Persons with Panic Disorder may be misdiagnosed. Oftentimes the symptoms or panic attacks are attributed to a medical condition, such as a heart arrhythmia or asthma. Finding the proper diagnosis and appropriate treatment plan is of the utmost importance. Substance abuse (especially alcohol, marijuana or cocaine) and self-medication is also prevalent and may dramatically interfere with effective psychological and medical treatment. Persons with Panic Disorder may isolate themselves (agoraphobia), and they often have problems relating to family or loved ones, lacking an effective social support structure that is important to help with their recovery.
How Can Friends and Family Help?
When a family member, friend or loved one witnesses a panic attack, it can be quite disconcerting. It is important that they stay calm, and provide reassurance and support. Family members should be careful not to enable isolating or phobic behaviors. They need to encourage the person with panic attacks to seek help from a psychologist or treatment facility. They can also provide financial resources and emotional support throughout the course of treatment.

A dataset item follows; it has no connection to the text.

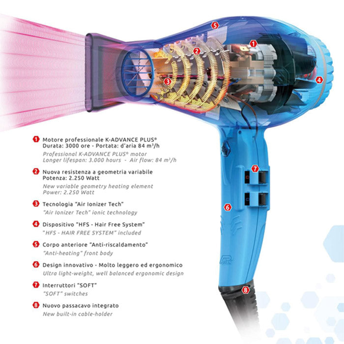 Phon professionale con tecnologia ionica, potenza 2250 watt e 3000 ore di durata.

When Should a Client enter a treatment center?
As discussed, it is important for a person suffering from panic attacks to seek psychological treatment as soon as possible. If the attacks continue, complications such as agoraphobia and social anxiety can develop. These complications can cause a person with panic disorder to encounter problems at work, school and home life. Panic attacks are often treated with anti-anxiety medications and relaxation techniques. When routine treatments are ineffective, and panic attacks continue causing anticipatory anxiety and constant worrying, it is time to consider an intensive treatment program.

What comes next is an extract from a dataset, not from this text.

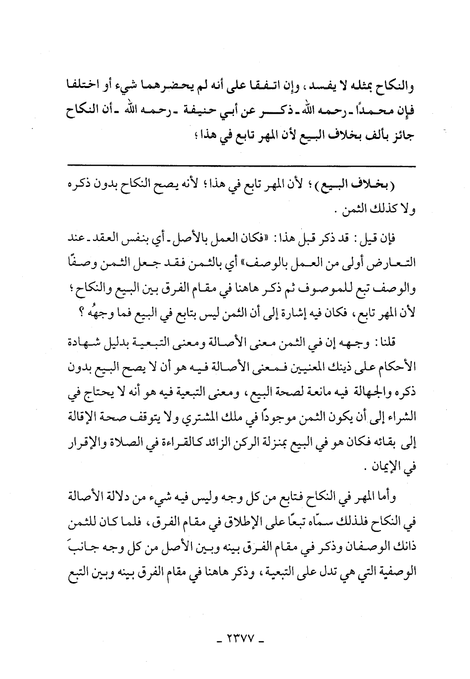 فإن قيل: قد ذكر قبل هذا: "فكان العمل بالأصل- أي بنفس العقد- عند التعارض أولي من العمل بالوصف" أي بالثمن فقد جعل الثمن وصفًا والوصف" أي بالثمن فقد جعل الثمن وصفًا والوصف تبع للموصوف ثم ذكر هاهنا في مقام الفرق بين البيع والنكاح، لأن المهر تابع، فكان فيه إشارة إلى أن الثمن ليس بتابع في البيع فما وجهه؟

How does PCH Treatment Center treat Panic Disorder or Panic Attacks?
PCH Treatment Center has extensive expertise in treating panic attacks and panic disorder. Dr. Jeff Ball, the Executive and Clinical Director, has over 25 years of experience diagnosing and treating anxiety disorders, including panic attacks. The PCH Treatment team is comprised of highly qualified and skillful mental health professionals. Upon admission, each Client is assigned a doctoral level therapist who performs a full assessment. Then in conjunction with Dr. Ball and the clinical team, a treatment plan is developed. The foundation of treatment at PCH Panic Disorder Treatment Center is individual psychotherapy. This is complemented by other modalities including Somatic Experiencing therapy, Dialectical Behavioral Therapy (DBT), expressive arts, anger management, sleep management, psycho-education, and neurofeedback. Holistic therapies including yoga, mindfulness meditation, acupuncture and massage therapy also contribute to recovery and healing. Optional family therapy groups are available. These valuable groups incorporate family members or significant others into the Client’s treatment environment. Additionally, Dr. William Wirshing, The PCH Panic Disorder Treatment Center Psychiatrist, assesses each Client’s medication regimen. Our goal is to minimize the amount of medication for each Client, when possible. Dr. Wirshing’s outstanding knowledge of psychopharmacology is a valuable asset in addressing anxiety issues. PCH Panic Disorder Treatment Center, in utilizing this wide array of treatment modalities, has developed an effective, immersive treatment experience that uniquely manages panic attacks and panic disorder.